Crusty - polite && scalable broad web crawler

Overview

crates.io Dependency status

Crusty - polite && scalable broad web crawler

Introduction

Broad web crawling is an activity of going through practically boundless web by starting from a set of locations(urls) and following outgoing links. Usually it doesn't matter where you start from as long as it has outgoing links to external domains.

It presents unique set of challenges one must overcome to get a stable and scalable system, Crusty is an attempt to tackle on some of those challenges to see what's out here while having fun with Rust ;)

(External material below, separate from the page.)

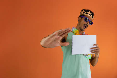 Black man in costume for brazil carnival holding blank paper isolated on orange background. African man in various poses and expressions.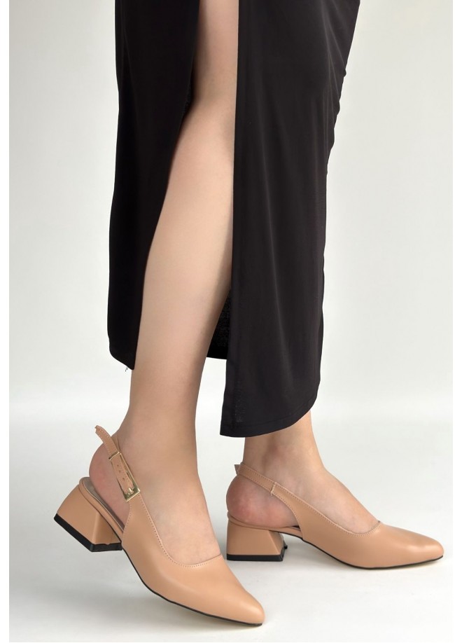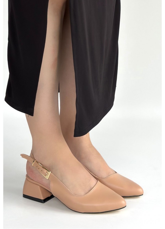 Jonji Nude Cilt Topuklu Kemerli Ayakkabı

This particular implementation could be used to quickly fetch a subset of all observable internet and for example, discover most popular domains/links

Built on top of crusty-core which handles all low-level aspects of web crawling

Key features

  • Configurability && extensibility

    see a typical config file with some explanations regarding available options

  • Fast single node performance

    Crusty is written in Rust on top of green threads running on tokio, so it can achieve quite impressive single-node performance even on a moderate PC

    Additional optimizations are possible to further improve this(mostly better html parsing, there are tasks that do not require full DOM parsing, this implementation does full DOM parsing mostly for the sake of extensibility and configurability)

    Crusty has small, stable and predictable memory footprint and is usually cpu/network bound. There is no GC pressure and no war over memory.

  • Scalability

    Each Crusty node is essentially an independent unit which we can run hundreds of in parallel(on different machines of course), the tricky part is job delegation and domain discovery which is solved by a high performance sharded queue-like structure built on top of clickhouse(huh!).

    One might think "clickhouse? wtf?!" but this DB is so darn fast(while providing rich querying capabilities, indexing, filtering), so it seems like a good fit.

    The idea is basically a huge sharded table where each domain(actually IP derivative it was resolved to) belongs to some shard(crc32(addr) % number_of_shards), now each Crusty instance can read from a unique subset of all those shards while can write to all of them(so-called domain discovery).

    On moderate installments(~ <16 nodes) such system is viable as is, although if someone tries to take this to a mega-scale dynamic shard manager might be required...

    There is additional challenge of domain discovery deduplication in multi-node setups, - right now we dedup locally and on clickhouse(AggregatingMergeTree) but the more nodes we add the less efficient local deduplication becomes

    In big setups a dedicated dedup layer might be required, alternatively one might try to simply push quite some of deduplication work on clickhouse by ensuring there are enough shards and enough clickhouse instances to satisfy the desired performance

  • Basic politeness

    While we can crawl thousands of domains in parallel - we should absolutely limit concurrency on per-domain level to avoid any stress to crawled sites, see job_reader.default_crawler_settings.concurrency. More over testing shows that A LOT of totally different domains can live on the same physical IP... so we never try to fetch more than job_reader.domain_top_n domains from the same IP

    It's also a good practice to introduce delays between visiting pages, see job_reader.default_crawler_settings.delay.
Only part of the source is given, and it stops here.